Background No study to date has looked into the relationship between ocular biometrics with anisometropia exclusively; therefore, the purpose of this study was to determine the relationship between anisometropia and ocular biometrics.

Methods In a cross-sectional study with multistage cluster sampling, 6311 people in the 40–64-year-old age group from the population of Shahroud, Iran, were selected. Of these, 5190 people participated in the study. For all participants, tests for visual acuity, cycloplegic and non-cycloplegic refraction, slit lamp test and fundoscopy were performed. All participants underwent biometric examinations using the Allegro Biograph (WaveLight AG, Erlangen, Germany).

Results Asymmetry of axial length, corneal power, vitreous chamber depth, anterior chamber depth, lens thickness and lens power were significantly more among participants who were anisometropic than those who were non-anisometropic. The correlation of anisometropia with axial length asymmetry was 0.735, 0.273 with corneal power, 0.183 with anterior chamber depth and 0.311 with lens power (p<0.001). In a multiple linear regression model, anisometropia was found to have significant associations with axial length asymmetry (standard coefficient (SC)=0.905), corneal power asymmetry (SC=0.350), lens power asymmetry (SC=0.454), nuclear opacity asymmetry (SC=0.074) and age (SC=0.28) (R2=85.1%). According to the linear regression model, corneal power had the strongest association with anisoastigmatism.

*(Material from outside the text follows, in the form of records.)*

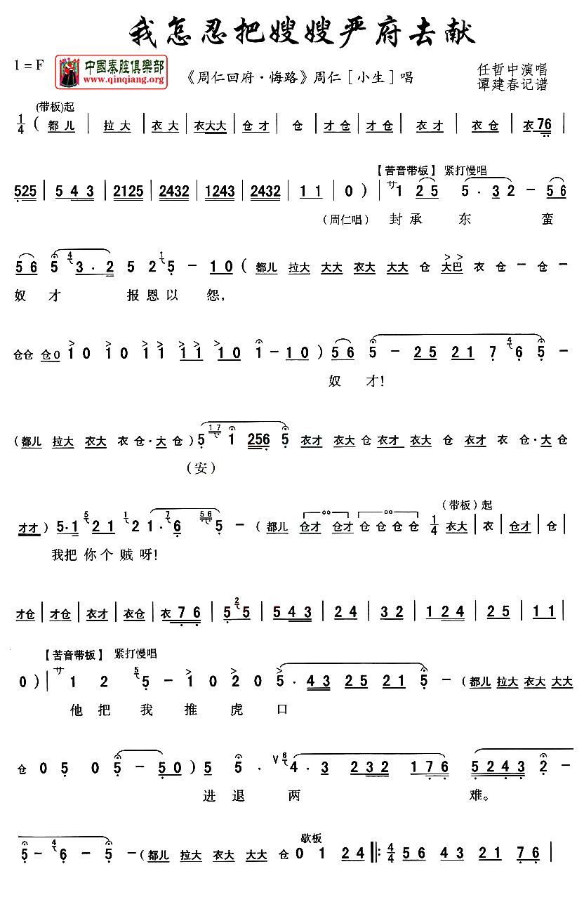 秦腔 我怎忍把嫂嫂严府去献 周仁回府 周仁唱段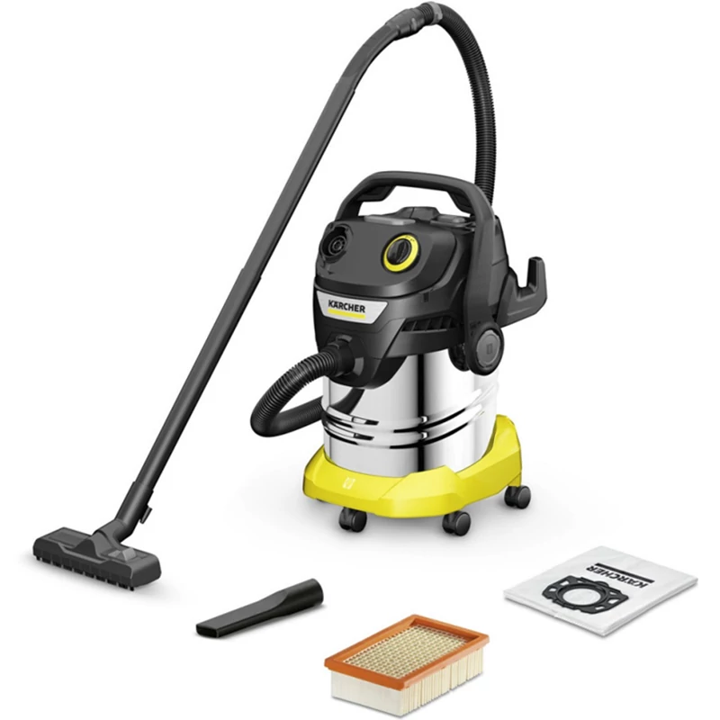 A KWD 5 S V-25/5/22 nedves és száraz porszívó fekete készülékkel kiváló szívóerőt biztosít, miközben energiatakarékos marad: A porszívó mindössze 1100 wattos energiafogyasztásával optimális tisztítási eredményeket ér el száraz, nedves, finom vagy durva szennyeződések esetén. A készülékhez robusztus, 25 literes rozsdamentes acéltartály, 5 méteres kábel, 2,2 méter hosszú szívótömlő, kapcsolható padlófúvóka, lapos pliszírozott szűrő és gyapjú szűrőzsák tartozik. A lapos pliszírozott szűrő különösen alkalmas non-stop nedves és száraz porszívózásra, a szűrő cseréje nélkül. A szabadalmaztatott szűrőeltávolítási technológiának köszönhetően a lapos pliszírozott szűrő másodpercek alatt eltávolítható, miközben elkerülhető a szennyeződéssel való érintkezés. Ha a szűrő elszennyeződött, a beépített szűrőtisztító funkcióval gyorsan és hatékonyan tisztítható. Az elektrosztatikus védelemmel ellátott levehető fogantyú lehetőséget biztosít különböző fúvókák közvetlen csatlakoztatására a szívótömlőhöz. Ez különösen előnyös a szűk helyiségekben történő porszívózásnál. A szívótömlő a helytakarékos tárolás érdekében biztonságosan felakasztható a készülékfejre. A lökhárítón lévő parkolóhely lehetővé teszi a csövek és a padlófúvóka gyors és kényelmes tárolását, ha rövid szünetet tart a munkában.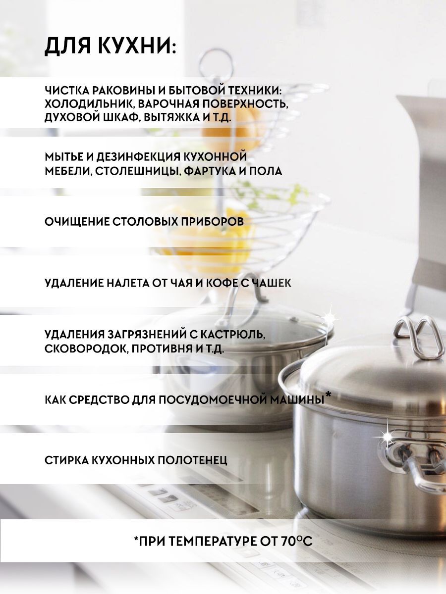 Особенности применения: Отбеливание, Антибактериальный эффект, Гипоаллергенность, Экосредство, Концентрат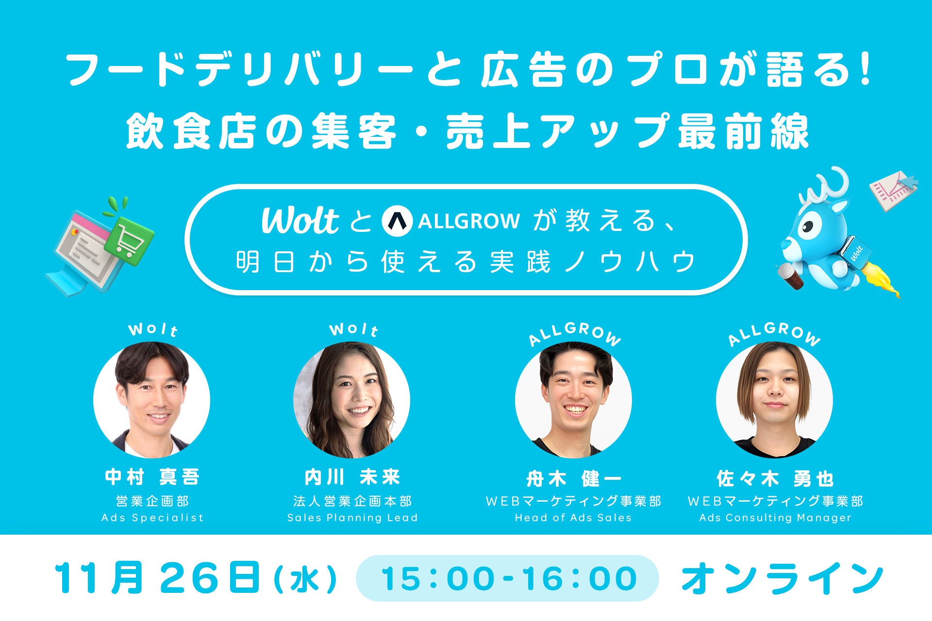 【Wolt × ALLGROW共催】フードデリバリーと広告のプロが語る! 飲食店の集客・売上アップ最前線セミナーを11月26日(水)に開催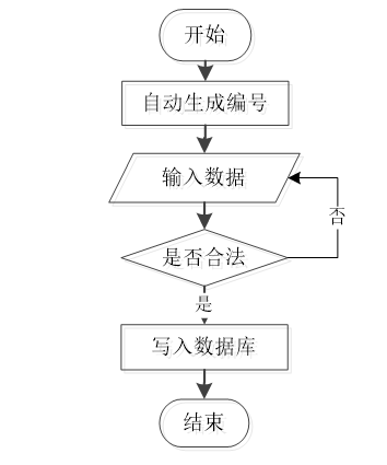 用户成功登入系统后就能够实现增加数据的操作,增加数据的编号是特定的,系统生成,用户不能随意填写,除了编号以外,其他增加信息用户自己填写,填写后的信息经过系统验证,验证合法通过就显示增加数据成功了,相反的话,就没有增加成功,图2-1显示的就是在增加数据时的流程。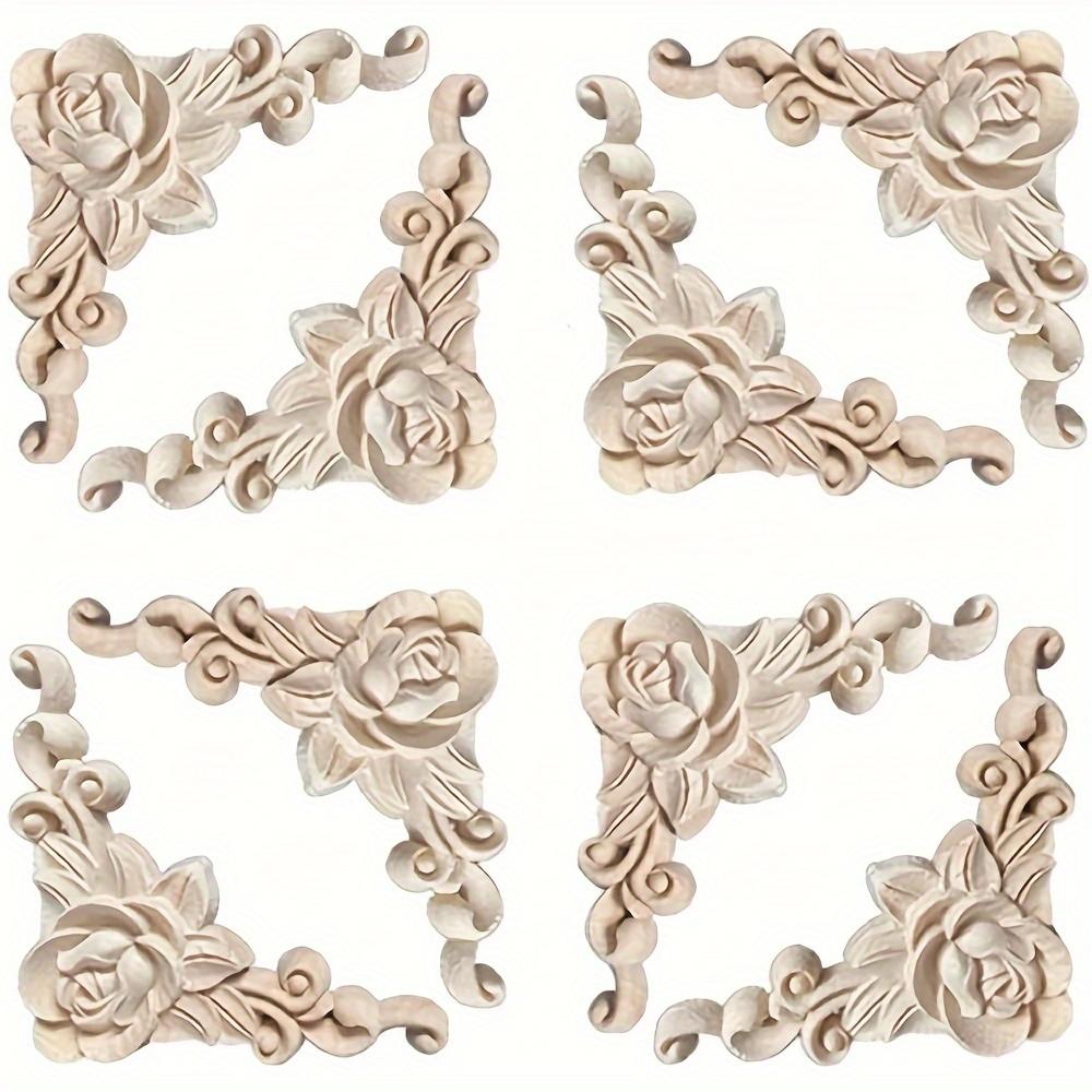 20 шт. декоративные деревянные резные аппликации в виде розы, угловая накладка 3,15 x 3,15 дюйма, сделай сам, неокрашенная деревянная резная угловая наклейка для украшения мебели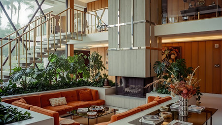 A cozy and stylish living room featuring two vibrant sofas in orange and green, a glass coffee table, large indoor plants, and a modern fireplace, with warm sunlight streaming in through large windows

Conclusions Axial length asymmetry has the strongest correlation with anisometropia; nonetheless, other components of ocular biometrics such as corneal power, lens opacity, lens power and anterior chamber depth are related to anisometropia as well. More than 10% of changes in anisometropia can be explained with changes in factors other than asymmetry of ocular biometrics and lens opacity.